Если событие – достаточно важное, и количество остраков ограничено, а оно, понятное дело зависит от вместимости театра или зала, то маловероятно, что их будут публично демонстрировать до окончания представления. Слишком уж легко сдёрнуть подобную безделушку с шеи счастливчика где-нибудь на рынке. Известны случаи, когда даже достаточно богатые мужчины, не успев приобрести остраку законным путём, засылали воришек добывать для себя билетик подобным способом.

Надо ли говорить, что в таком деле появляется отличная возможность подзаработать на спекуляциях с остраками, и есть люди, скупающие диски у официальных агентов по одной цене, а позже, прямо у дверей театра, или скажем стадиона пытающиеся продать их по более высокой.

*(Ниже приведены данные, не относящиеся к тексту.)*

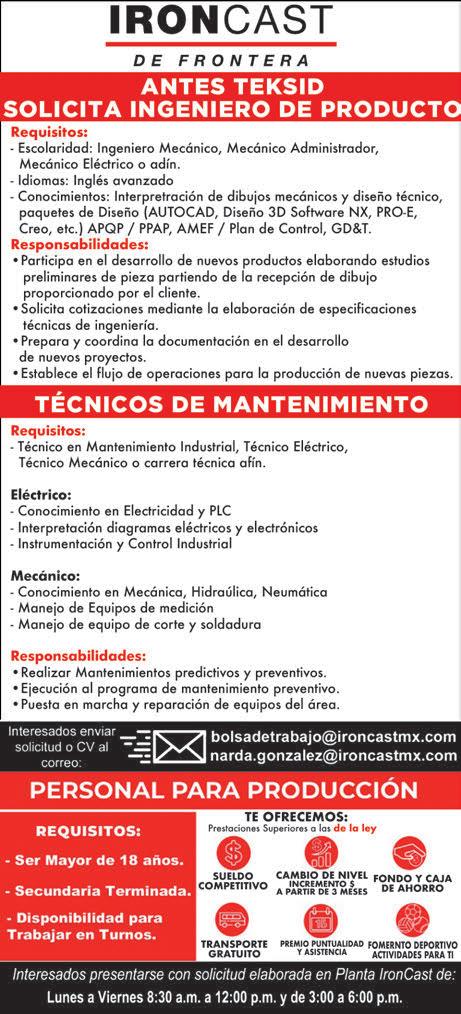 Solicito oficial albañil y ayudantes de albañil, para trabajar dentro de Tecksid. Infomres tel. 866-633-8209 (58362 : 20-Jul : 28-Jul)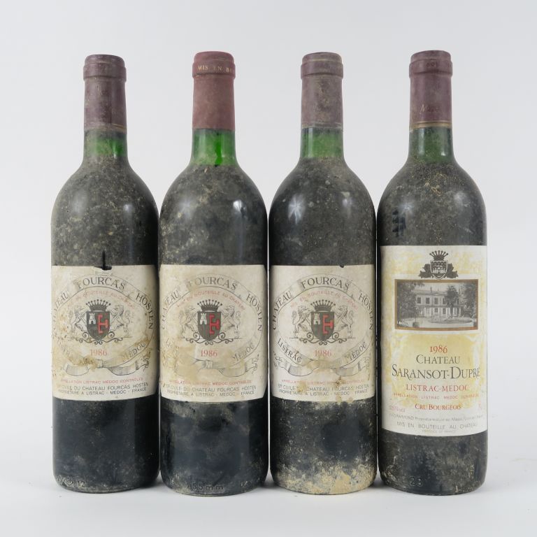 4 BOUTEILLES LISTRAC MEDOC 1986 : 3 CHÂTEAU FOURCAS HOSTEN 1986 BG - 1 CHÂTEAU SARANSOT DUPRE
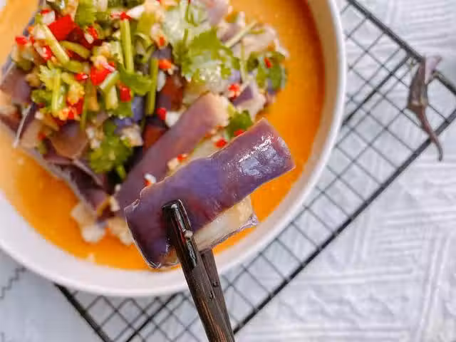 【原材料】茄子、大蒜、小米辣、生薑、白醋、食鹽、生抽、雞精、食用油;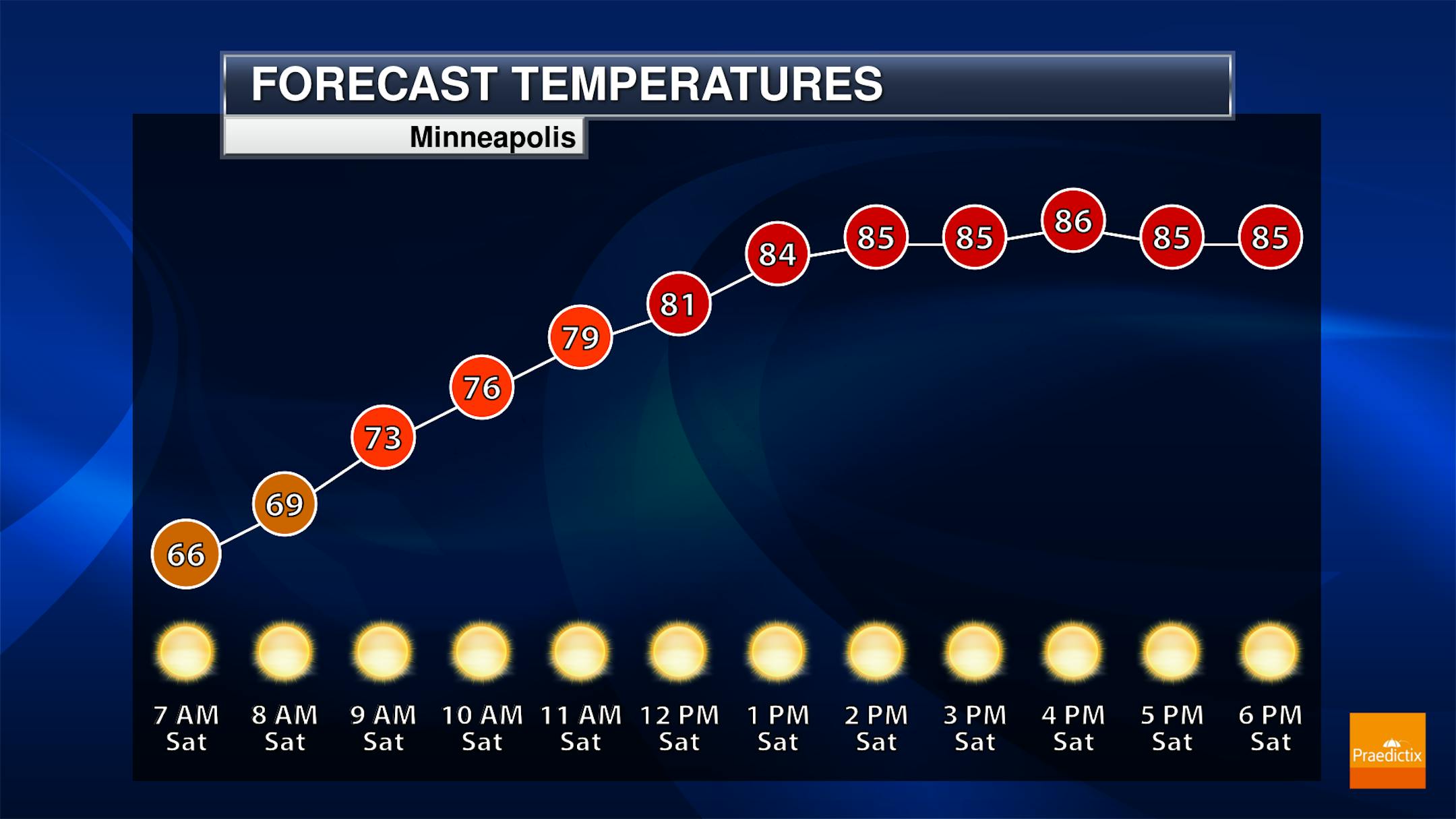 A sunny start to the weekend is expected in the Twin Cities Saturday, though you should expect a hazy look to the sky as we will still feature wildfire smoke across the region. Morning lows bottom out in the 60s before highs climb to the mid-80s in the late afternoon hours.

– И сколько они Вам стоили? – делано безразлично спросила я.

– Серебряный тарск за пару, – не стал скрывать он.

– Ого! Это же больше того, насколько я припоминаю, – безразличие сдуло с меня как ветром, и я резко обернулась к нему, – во сколько Вы оценили меня, если бы продать меня как рабыня, учитывая только мои внешние данные!

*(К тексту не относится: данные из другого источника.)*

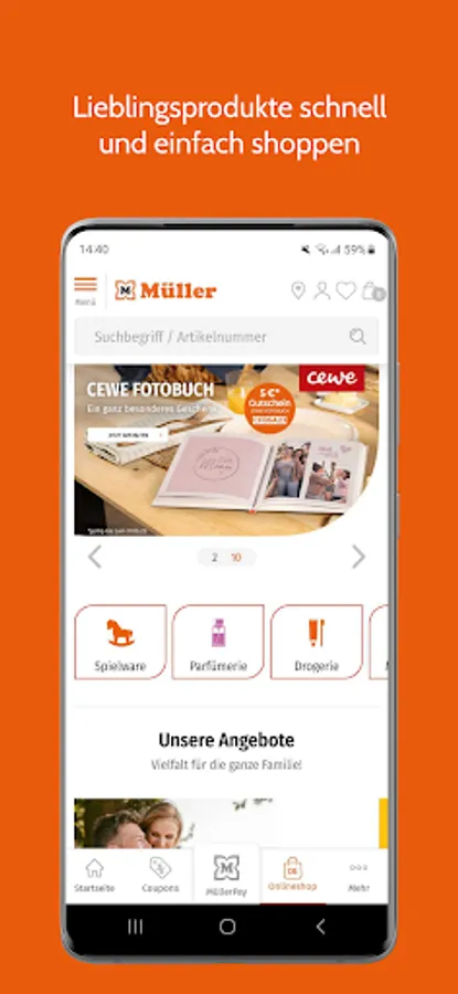 Online shop: In the app you can browse our product categories as usual, search for specific items from our range and shop directly. Müller is more than just a drugstore - you will find all product ranges in the online shop: drugstore, perfumery, natural shop, toys, stationery, multimedia, household items, stationery and stockings.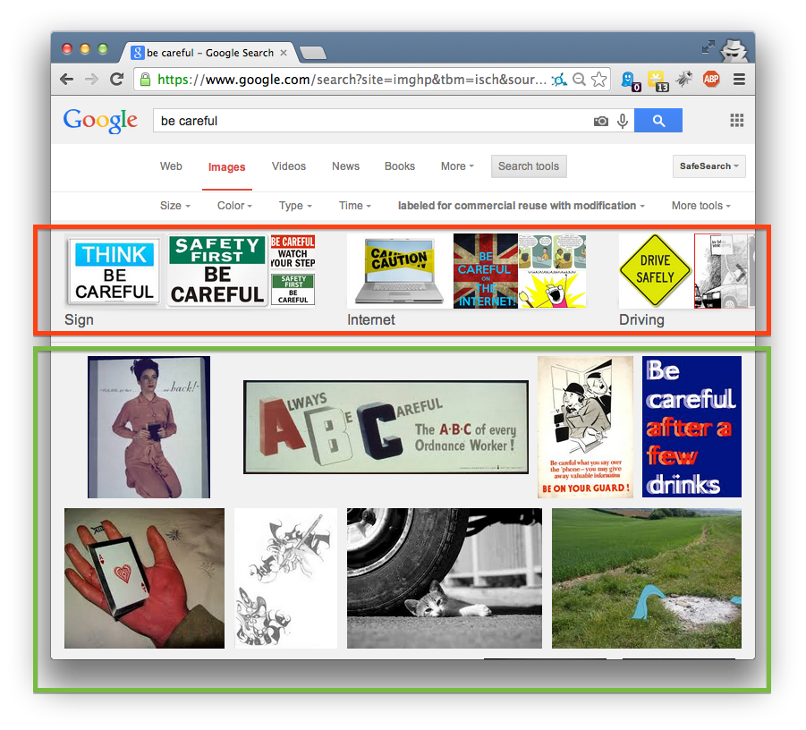 In de voorbeeld afbeelding hierboven hebben we gezocht op “be careful” met gebruiksrechten die commercieel gebruik en aanpassingen toestaan. Rood omlijnt zie je zoekresultaten waarbij je er niet uit van kan gaan dat je deze kan gebruiken. Groen omlijnt zijn de daadwerkelijke zoekresultaten met de gebruiksrechtenfilter.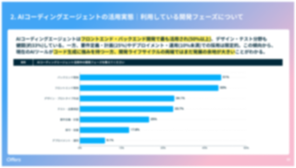 この調査では、各AIツールの利用状況や開発プロセスの各段階における効果、導入によるメリットと直面する課題について体系的に分析しています。このデータが、開発現場でAIを効果的に活用できる環境づくりの一助となれば幸いです。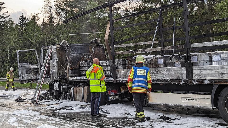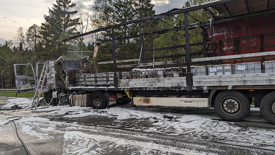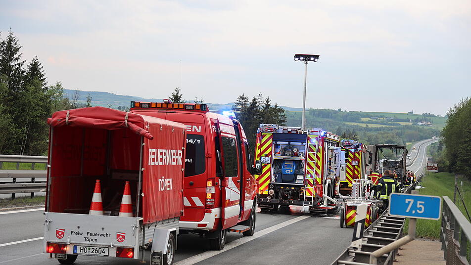 A72 bei Hof: Fahrer hört lauten Knall - Lkw brennt komplett aus, Trucker flüchtet mit persönlichen Sachen
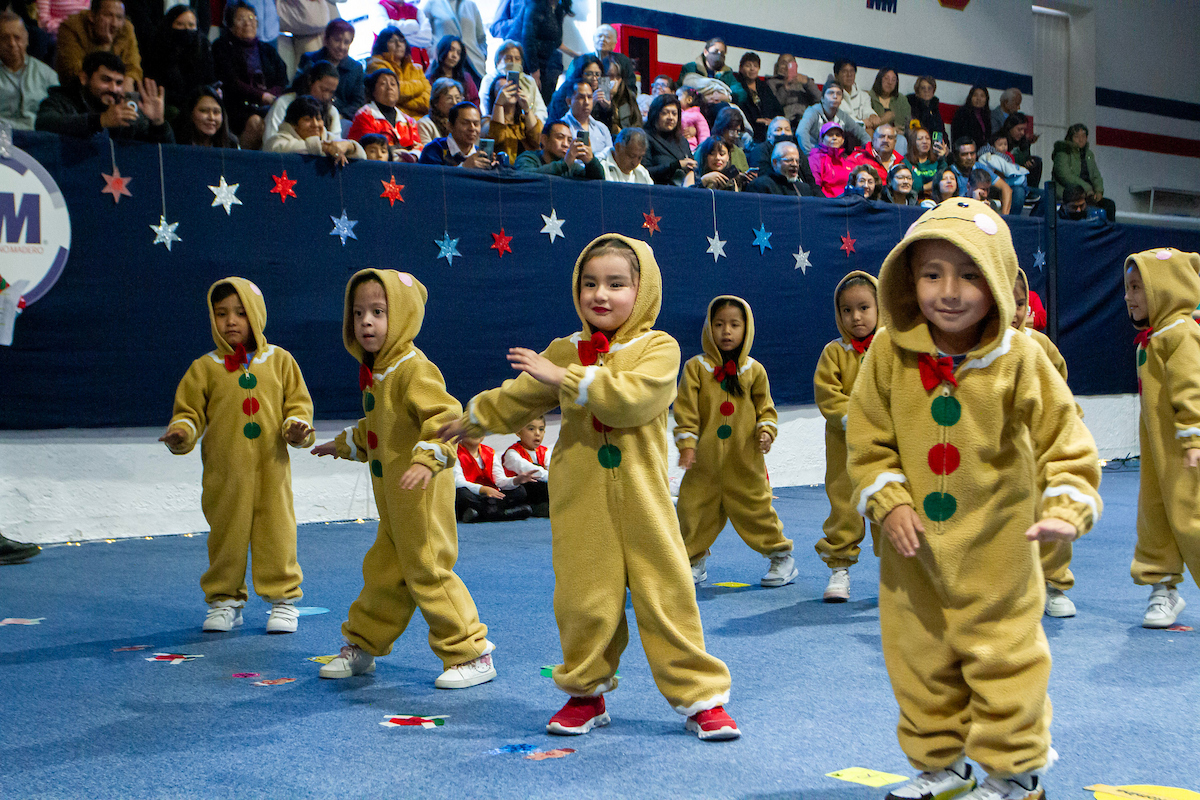 Como parte de las actividades navideñas, este jueves 18 de diciembre, alumnos de preescolar del Instituto Mexicano Madero, Plantel Centro, participaron en una celebración matutina en la que presentaron bailes alusivos a la temporada decembrina, acompañados por padres de familia, comunidad escolar y autoridades académicas.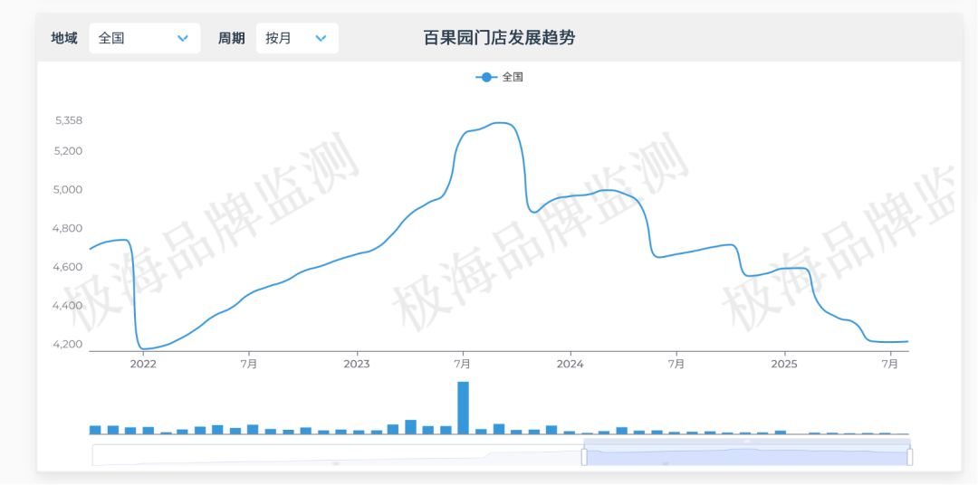 2025年,百果園關(guān)店潮仍在持續(xù)。繼海品牌監(jiān)測數(shù)據(jù)顯示,截至8月11日,近90天新開22家,關(guān)閉122家;1 - 8月11日,門店總數(shù)減少超350家。

– Да, – согласился он, а я весьма возмущённо отвернулась от него, -Леди Шейла должна помнить, что она не обучалась интимному и тонкому искусству рабыни.

– Искусству? – удивилась я.

– Да, – кивнул он, – сложному, тонкому и чувственному искусству того, как надо быть приятной, своему Господину, как ублажать его.

– Понятно.

– Это вполне обычное дело, – пожал он плечами, – что некоторые рабыни ценятся намного выше других.

– Конечно, – раздраженно бросила я.

– Некоторые женщины, – заметил он, – даже не знают, как должна двигаться на полу возбуждённая, умоляющая рабыня.

– Должно быть, они действительно глупы, – сказала я, хотя и понятия не имел, о каких движениях шла речь.

– Я не думаю, что они обязательно глупы, – усмехнулся Дразус Рэнциус, – просто не осведомлены, возможно, потому что недрессированны, или просто, потому что ещё не разбужены сексуально и ещё не были вынуждены почувствовать огнь рабыни в их животе, или ещё встретили сильных мужчин, которые превратили бы их в беспомощные жертвы своей страсти.

– Я думаю, что Лисандр, неплохо играл, – заметила я, поскорее переводя разговор на другую тему.

– Он считается одним из самых непревзойдённых цехаристов на всём Горе, – сухо сказал Дразус Рэнциус.

– Ох, – только и смогла вздохнуть я, почувствовав, что сморозила очередную глупость.

Я чувствовала себя просто идиоткой. Кажется, я ничего не могла сделать правильно, чтобы понравиться Дразусу Рэнциусу. Мне оставалось только смотреть вдоль и глотать слёзы. Всё мои попытки наладить хорошие отношения, все мои слова, только ухудшали ситуацию.

– Леди Шейла, с Вами всё хорошо? – вдруг поинтересовался Дразус Рэнциус.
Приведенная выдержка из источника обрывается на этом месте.